Now that we have a model that estimates the probability distribution (or propensity scores) of a patient being readmitted, we can observe this distribution. See below a plot of the probability distrbutions comparing those who had a primary diagnosis of Diabetes and those who did not. We can clearly see that there is a log-normal probability distribution for each and where the median diabetic patient has a higher probability of readmit (47.6% compared to 41.2%) (see table below the plot)

Check it out:

Show the code
cbind(df_features, tibble(fit5$fitted.values)) %>% 
  rename(fitted_prob = `fit5$fitted.values`) %>%
mutate(diag_1 = ifelse(diag_1 == 1,'Diabetes','Non-Diabetes')) %>%
ggplot(aes(x=fitted_prob, color = as.factor(diag_1), fill = as.factor(diag_1)))+
geom_density(alpha = 0.25) +
theme_minimal()+
scale_fill_discrete(name = "Type of Diagnosis")+
guides(color="none")+
xlab('Predicted Probabilities of Readmit')+
ylab('')+
ggtitle('Densities of Probability Distributions by Type of Diagnosis')

Q3: On what groups of patients should the hospital focus their follow-up efforts to better monitor patients with a high probability of readmission?

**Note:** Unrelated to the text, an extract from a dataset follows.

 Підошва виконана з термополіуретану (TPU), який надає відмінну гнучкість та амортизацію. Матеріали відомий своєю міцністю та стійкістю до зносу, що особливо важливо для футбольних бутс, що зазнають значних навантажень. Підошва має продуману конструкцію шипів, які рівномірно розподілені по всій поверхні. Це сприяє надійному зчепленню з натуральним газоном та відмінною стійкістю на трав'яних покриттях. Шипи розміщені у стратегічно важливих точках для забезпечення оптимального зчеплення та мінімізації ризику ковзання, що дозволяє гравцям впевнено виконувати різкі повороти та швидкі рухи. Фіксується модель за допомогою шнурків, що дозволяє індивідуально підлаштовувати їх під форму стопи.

We can see which groups have the largest, positive effect on readmissions by making a table of the coefficients. I also provide the probabily of readmission by group using a log odds- probability converter function. This “probitizes” the logistic regression results.

Show the code
# make function for converting log odds to probabilities
 logit2prob <- function(logit){
   odds <- exp(logit)
   prob <- odds / (1 + odds)
   return(prob)
 }
 
 # table getting the top coefficients, those groups that have the highest effect on readmission
 summary(fit5)$coefficients %>% 
   as.data.frame() %>%
   mutate(z = round(abs(`z value`),3)) %>% 
   filter(z >= 1.96, Estimate >0 ) %>% 
   rownames_to_column(var = 'Coefficient Name') %>% 
   tibble() %>% 
   arrange(Estimate %>% desc()) %>% 
   mutate(`Probitized Estimate` = round(logit2prob(Estimate),3),
          Estimate = round(Estimate,3),
          `Std. Error` = round(`Std. Error`,3),
          `z value` = round(`z value`,3),
          `Pr(>|z|)` = round(`Pr(>|z|)`,3)) %>% 
select(-z) %>%
   paged_table()

We can clearly see which groups are more likely to be readmitted. These are previous inpatient, outpatient and emergency encounters, diabetes related tests, and a primary diagnosis of diabetes tend to place the patient at a higher risk of readmittance.

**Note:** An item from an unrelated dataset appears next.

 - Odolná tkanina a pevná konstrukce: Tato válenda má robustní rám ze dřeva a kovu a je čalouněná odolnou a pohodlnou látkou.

Now that we understand what groups are more likely to be readmitted, I’d like the hospital to have the tools to determine which of their current patients have a higher probability of readmit. Using the estimated parameters on each of the covariates,the hospital can input the observables of the patient and output the probability for each patient. You can now focus your follow-up efforts on those who need it the most!

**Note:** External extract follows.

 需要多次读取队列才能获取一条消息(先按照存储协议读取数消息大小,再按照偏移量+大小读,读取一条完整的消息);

Further, I extended the model to include all types of diagnoses, not just Diabetes and non-Diabetes.

Check out the Shiny App here

Wrapping Up

Wrapping up, we now know what the most common diagnoses are, who are more likely to be readmitted, and what variables lead to higher readmission rates. I also provided a Shiny App that helps the hospital, in real time, determine who needs to be flagged for follow-up and who not to worry about. We also went over some modeling details and concluded that the logistic regression is the best approach for this use case – though provided two other approaches the other might find useful for better estimation of the readmission probabilities. Overall, the hospital now has a actionable information and a cool new Shiny App!